# Comparisons to Tolkien, Valid or Jacket Review Hype?



## HLGStrider (Nov 29, 2011)

I'm a big fan of the TV show "Castle," and in one of my favorite scenes the title character (who is a famous mystery writer if you aren't familiar with the series) is sent a bunch of new books by other authors to provide a short jacket review and rather than reading them he just holds them up to his forehead and uses "psychic powers" to come up with generic praise of the books for the publishers to print on the jacket. I'm leading with this because A. I really like "Castle" and B. to say that I don't usually take those short reviews on the covers of paper backs seriously.

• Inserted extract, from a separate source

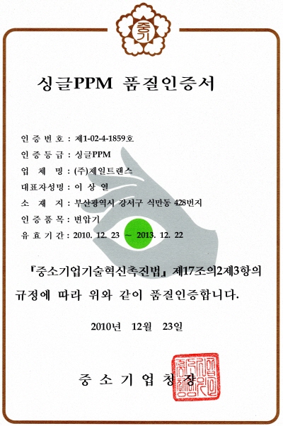 Single PPM 인증서 국문 [이 게시물은 최고관리자님에 의해 2011-09-20 14:27:58 제품관리에서 이동 됨] [이 게시물은 최고관리자님에 의해 2011-09-21 03:30:51 게시판에서 이동 됨] [이 게시물은 최고관리자님에 의해 2011-11-02 13:14:08 제품자료실에서 이동 됨]
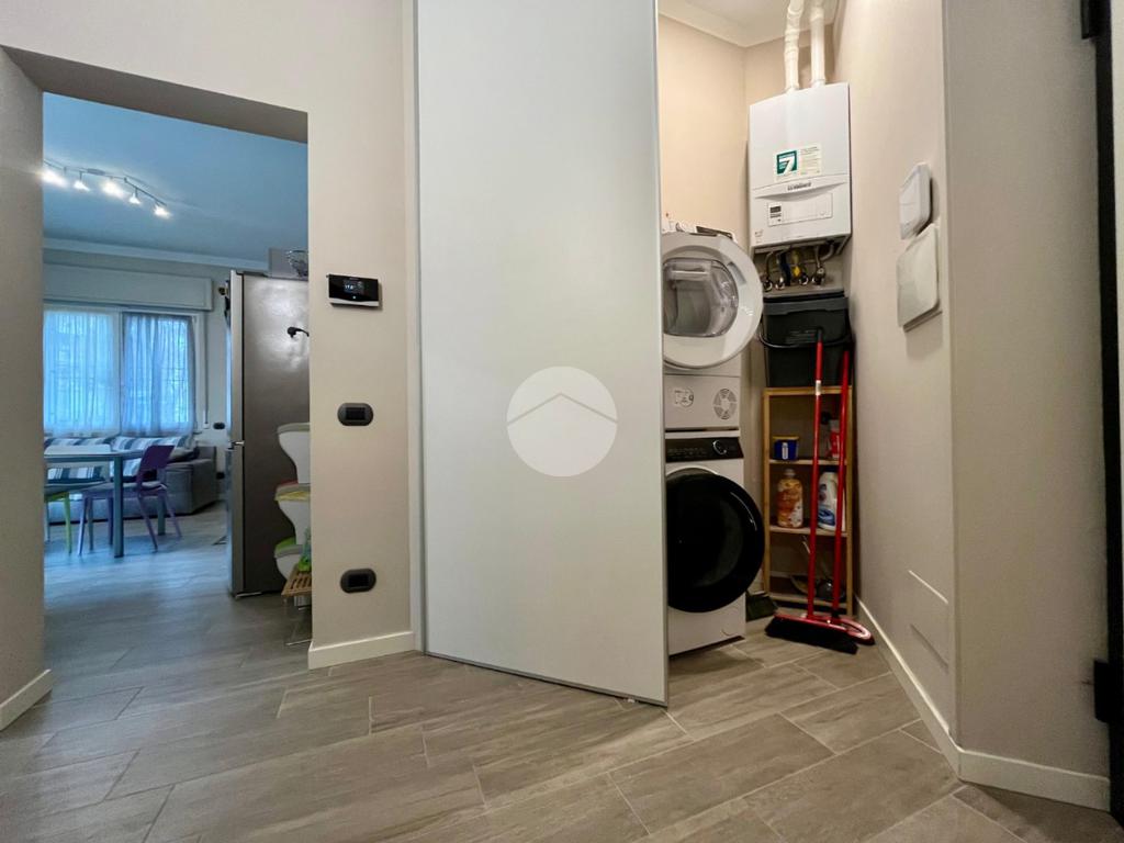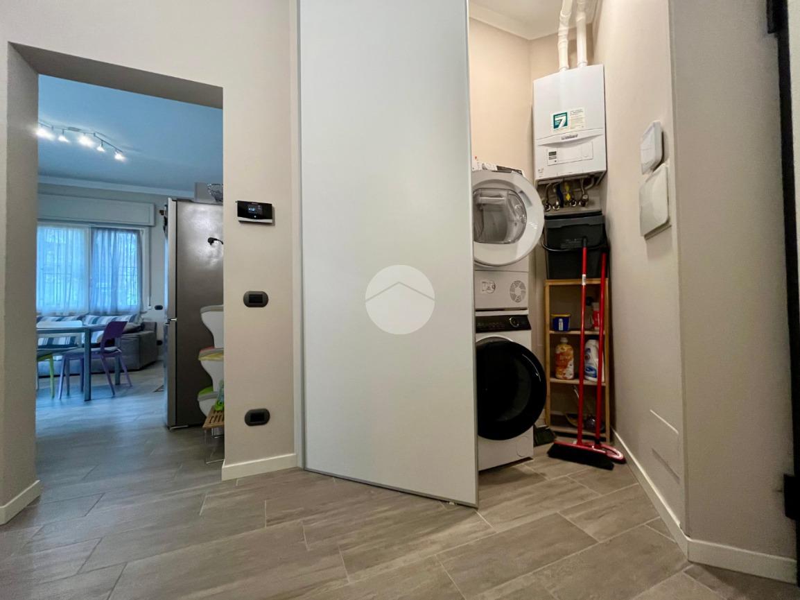 Dall’ingresso si accede anche a un pratico ripostiglio, molto utile come spazio di servizio, perfetto per collocare lavatrice e asciugatrice e per organizzare al meglio gli oggetti di uso domestico.

Anyway, introduction and "Castle" plug aside, I've often seen writers compared in these sorts of things to Tolkien. The only concrete example I can come up with off the top of my head is Robert Jordan who had reviews on the first Wheel of Time book claiming he'd come to rule the world that Tolkien created. Now Jordan was a good writer in his own right (definitely a more modern writer which is why I know a lot of readers who prefer him, though he's not my style of author), but other than creating a large, sprawling universe to base his stories in, there are very few similarities between his series and the Lord of the Rings. 


Have you ever found a review that made a valid comparison between Tolkien and another author? Or one where the claim was laughable? Just to add more to your story, which author do you think stole the most from Tolkien (Paolini, cough, cough)?


----------



## Starbrow (Dec 4, 2011)

It seems to me that the comparisons to Tolkien just mean that the book falls into the fantasy genre. I have heard Katherine Kerr's books compared to Tolkien's. I enjoy her books and her Deverry nation is certainly complex and has a history built into the books. However, I can't think of any fantasy authors that really compare to Tolkien. (Of course, you would expect to see that kind of comment on a Tolkien forum.)

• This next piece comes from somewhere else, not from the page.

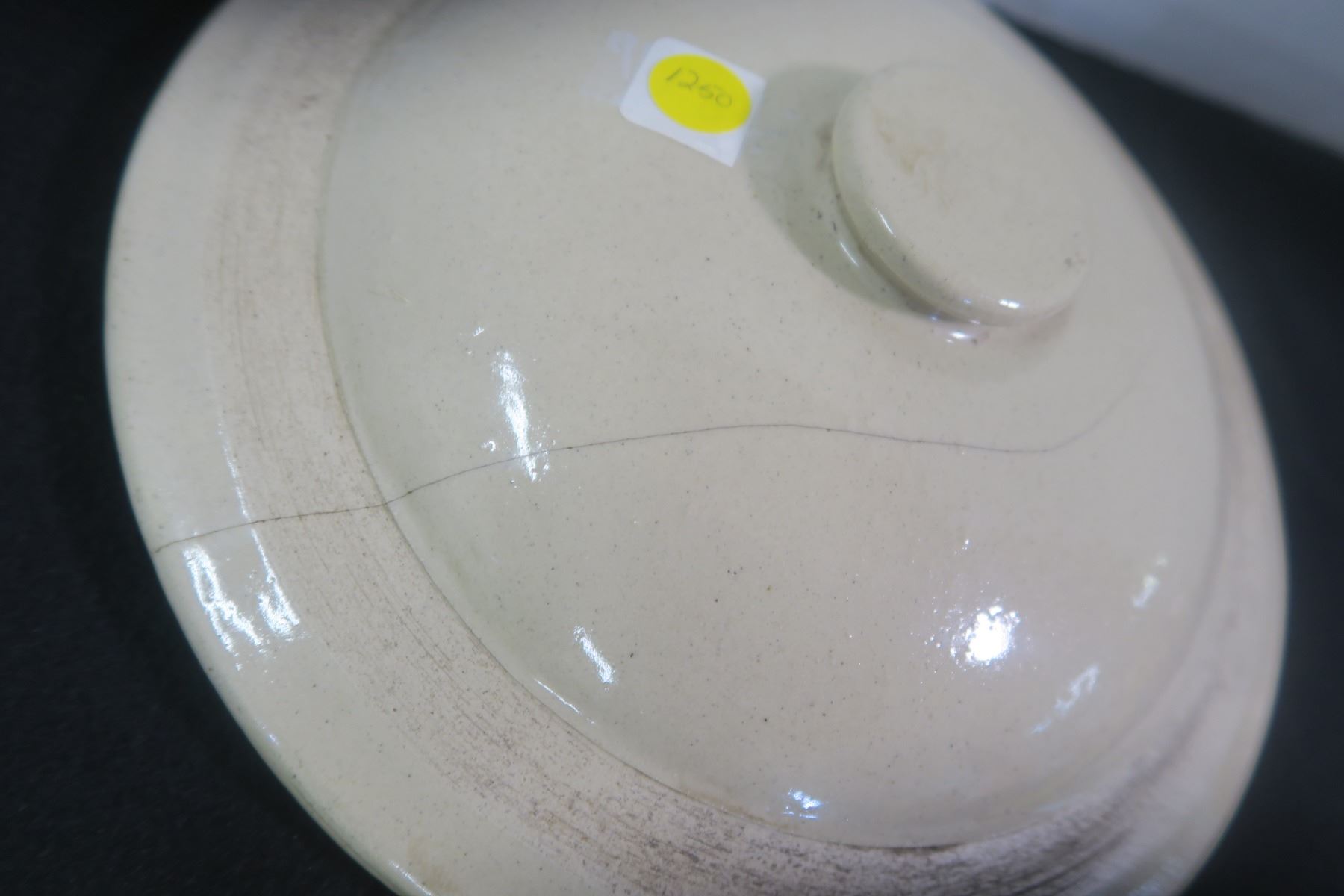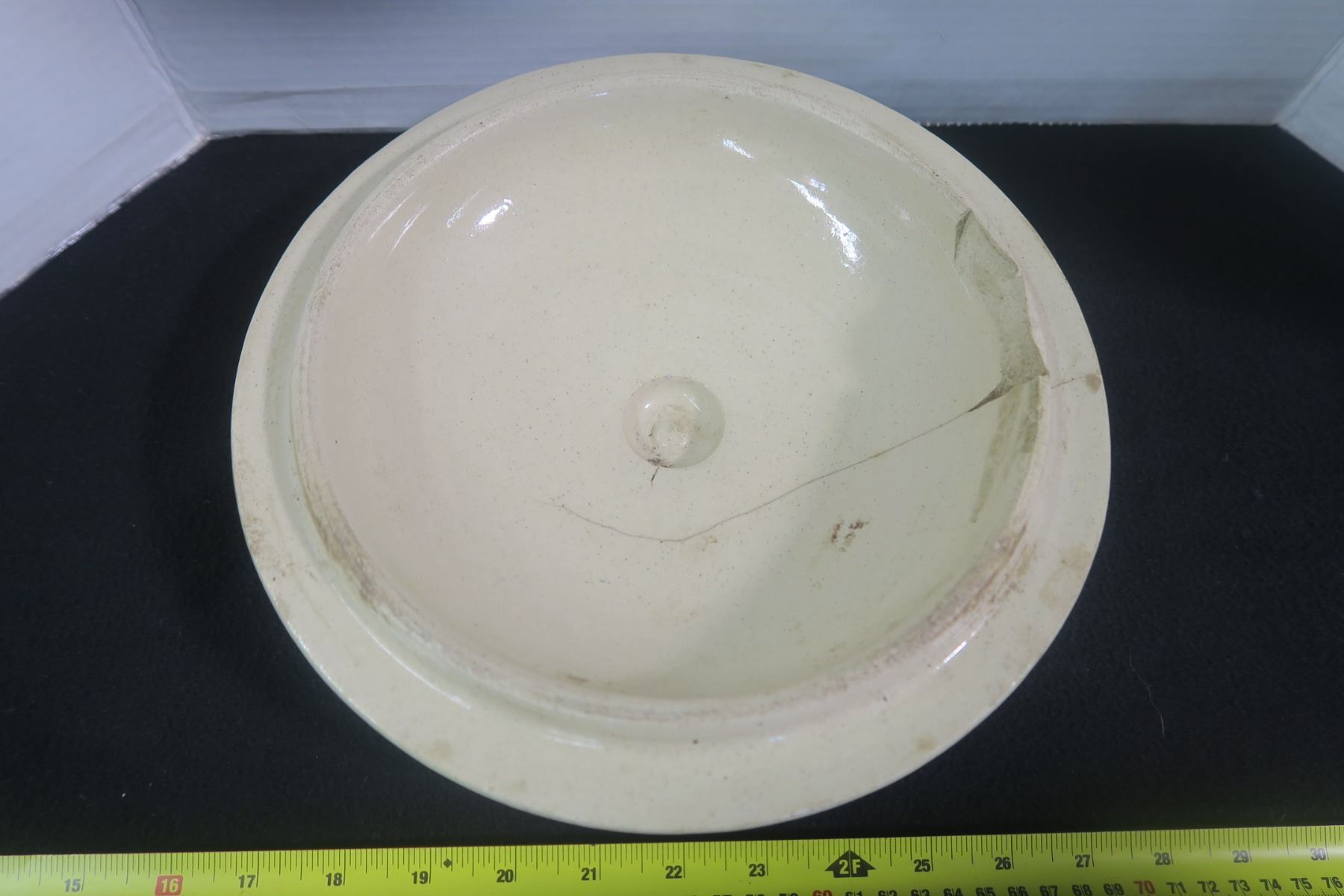 Number 3 Crock Lid Hairline Crack, Chipped, 12" Round

The book that I think is the most blatant rip-off of LOTR is The Sword of Shanara.

BTW, I love Castle, too, mostly because of Nathan Fillian.


----------



## HLGStrider (Dec 4, 2011)

Starbrow said:


> BTW, I love Castle, too, mostly because of Nathan Fillian.


 He really IS ruggedly handsome.


----------



## Starbrow (Dec 5, 2011)

> He really IS ruggedly handsome.



You bet. I fell for him when he was in Firefly.


----------